I’ve chosen a smaller model to make my life easier from the GPU memory perspective so I’ve used phi-2 as the base model. I’ve added a LoRA layer with a R on the higher side R=128 this itself resulted to train 3.5% equivalent of the original model. For Alpha I’ve used 128 to tamper the new information as I wanted to add new knowledge. For the training I’ve used my 2×3090 with vanilla DDP, and used 100 epochs which was a guess (now I know better). I’ve used batch size of 1 and limited the tokens to 325 to fit to memory. Even with this the GPU utilization were above 90% (3090 has 24GB) The training has taken ~60 hours. The tightly packed blower style 3090 haven-t had adequate airflow/cooling so I had to supplemented it with a big fan.

The result

Training completed that itself was a big win for me. It took few trials to not crash due to memory consumption hit the ceiling or after couple hours one GPU has crashed to to thermal conditions. The tensorboard logs showed sever overfitting. Some overfitting I’ve wanted to achieve memorization, but this might too much and the model won;t be able to generalize as good.

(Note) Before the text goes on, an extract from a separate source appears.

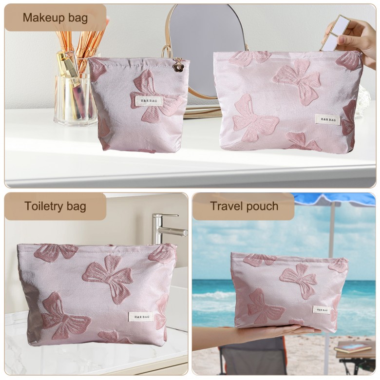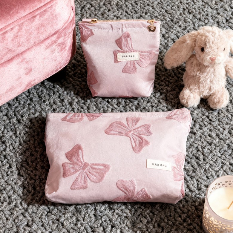 The pink bow makeup pouch features a soft pink base paired with dimensional bow patterns, effortlessly blending gentle sweetness with a timeless vintage charm. The exterior is crafted from exquisite jacquard fabric, with a layered bow design that adds depth and texture. The interior is lined with 12oz pure cotton canvas, ensuring a skin-friendly, durable, and long-lasting finish. This thoughtfully designed pouch set brings a touch of joy to your daily routine. The larger pouch comfortably fits skincare items under 200ml, such as lotions, cleansers, makeup brushes, or a portable power bank. The smaller pouch is perfect for carrying lipsticks, eye shadows, earphones, or 5 to 6 sanitary pads, keeping your personal essentials neatly arranged and easy to access. Whether carried by hand or tucked into a tote bag, backpack, or suitcase, it doesn’t take up space and is perfect for organizing your vanity. More than just a makeup pouch, it’s a small companion in your everyday life, bringing a little joy to your day. As a gift, it expresses warmth and care, making it the perfect present for mom, daughter, friends, or a well-deserved treat for yourself.

The produced model seems adapter knew knowledge, and provided answers in the right context. Sometimes it has generated reasonable short answer for the question and like 10 other questions. Anyway after using that much patience from my family and that much electricity I’ve released the model on HuggingFace feel free to play with it.
https://huggingface.co/DevQuasar/vintage-nextstep_os_systemadmin-ft-phi2

The learning

  1. For new knowledge I probably don’t need it in a question answer format. Maybe be beneficial to do a 2 phased Fine Tuning, teach some new knowledge by just show the data itself without instructions, and in another iteration show examples of asking about the topic.
  2. My unsupervised training data generation approach has put too much trunk to the model the prompt and the regexp :D. Once I’ve eyeballed the generated data I found multiple entries where the input has contained multiple set on Question-Answer pairs. This might be the explanation why the final model has occasionally generates some additional questions-answer pairs after a reasonable answer to the user question.
  3. Data chunking is critical. I’ll need more sophisticated way to able to keep contextually belonging pieces of the input data together. By chunking it on token limit results in split of the original data within context so the generated training Q-A pairs quality suffers.
  4. Human documents uses references to other part of the document. I haven’t even thought about this but during testing the tuned model, sometimes the answer contained some reference to other chapters. Which makes sense from the model’s perspective, but doesn’t help you when you’re using the model and have to rely only on the model’s knowledge and has no access to the original data source.
    I was somewhat able to mitigate this behavior with prompt engineering like:
    “Give me a complete answer do not refer to other chapters but collect the information from them. How to setup a local network in Openstep OS?”
    but were the seemingly coherent answer was true of just result of hallucinations is yet to be confirmed.
    Anyway I feel this can be an interesting topic to dig deeper in the future.
  5. I should have been done way less epochs and apply early stopping based on the eval results.